::: SOURCE DATA :::

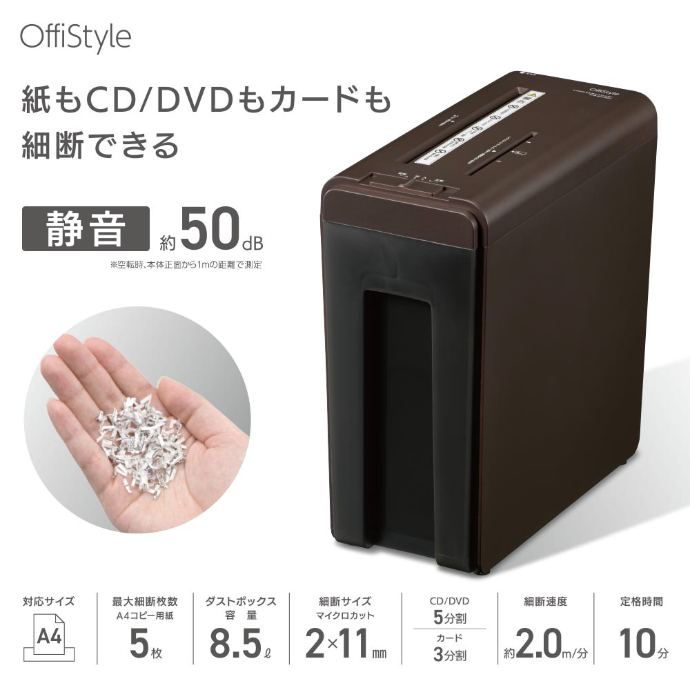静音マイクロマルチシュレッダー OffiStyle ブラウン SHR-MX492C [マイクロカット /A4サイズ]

:::
::: SOURCE DATA :::

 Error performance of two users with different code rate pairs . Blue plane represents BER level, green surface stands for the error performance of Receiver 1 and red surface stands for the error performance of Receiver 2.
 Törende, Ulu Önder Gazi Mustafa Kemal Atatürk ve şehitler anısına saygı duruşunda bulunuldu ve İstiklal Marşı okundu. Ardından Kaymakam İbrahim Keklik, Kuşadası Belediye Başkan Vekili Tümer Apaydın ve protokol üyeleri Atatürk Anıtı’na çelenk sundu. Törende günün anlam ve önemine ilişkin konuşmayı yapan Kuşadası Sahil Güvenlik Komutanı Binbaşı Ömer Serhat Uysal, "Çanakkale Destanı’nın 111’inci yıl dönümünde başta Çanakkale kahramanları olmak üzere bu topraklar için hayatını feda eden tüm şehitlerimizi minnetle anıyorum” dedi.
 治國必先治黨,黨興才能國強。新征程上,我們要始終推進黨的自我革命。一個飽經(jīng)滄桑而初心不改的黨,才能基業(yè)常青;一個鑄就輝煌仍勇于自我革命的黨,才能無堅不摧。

:::
::: SOURCE DATA :::

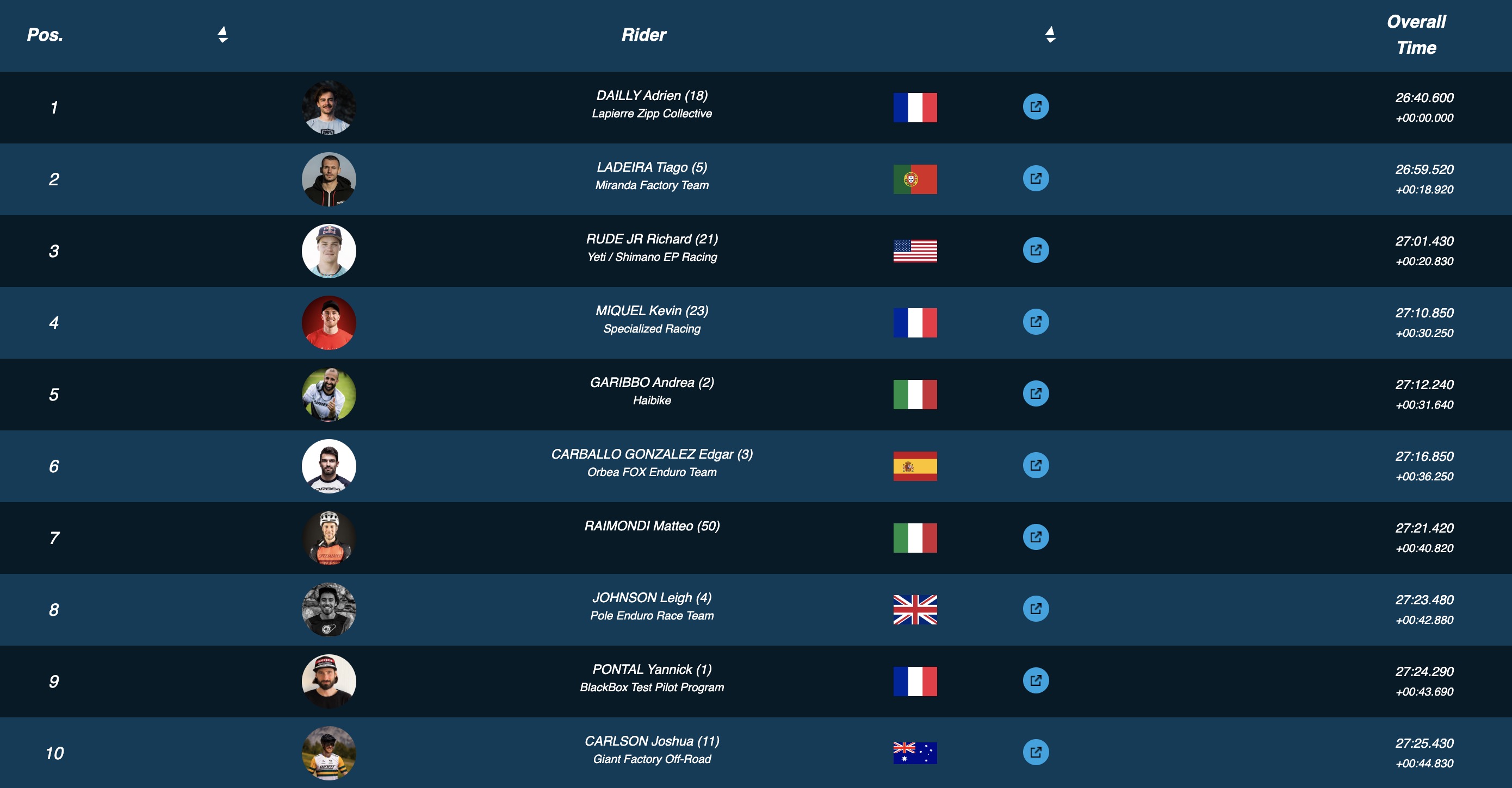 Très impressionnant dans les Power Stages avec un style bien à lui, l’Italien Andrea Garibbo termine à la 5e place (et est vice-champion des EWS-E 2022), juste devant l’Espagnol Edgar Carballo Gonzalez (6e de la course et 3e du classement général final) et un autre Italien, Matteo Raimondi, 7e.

:::

TASK REQUIREMENTS: Transcribe the records above from the line holding "Törende, Ulu Önder" down to the line holding "治國必先治黨,黨興才能國強。", inclusive, without adding anything.

EXERCISE RESULT:
 Törende, Ulu Önder Gazi Mustafa Kemal Atatürk ve şehitler anısına saygı duruşunda bulunuldu ve İstiklal Marşı okundu. Ardından Kaymakam İbrahim Keklik, Kuşadası Belediye Başkan Vekili Tümer Apaydın ve protokol üyeleri Atatürk Anıtı’na çelenk sundu. Törende günün anlam ve önemine ilişkin konuşmayı yapan Kuşadası Sahil Güvenlik Komutanı Binbaşı Ömer Serhat Uysal, "Çanakkale Destanı’nın 111’inci yıl dönümünde başta Çanakkale kahramanları olmak üzere bu topraklar için hayatını feda eden tüm şehitlerimizi minnetle anıyorum” dedi.
 治國必先治黨,黨興才能國強。新征程上,我們要始終推進黨的自我革命。一個飽經(jīng)滄桑而初心不改的黨,才能基業(yè)常青;一個鑄就輝煌仍勇于自我革命的黨,才能無堅不摧。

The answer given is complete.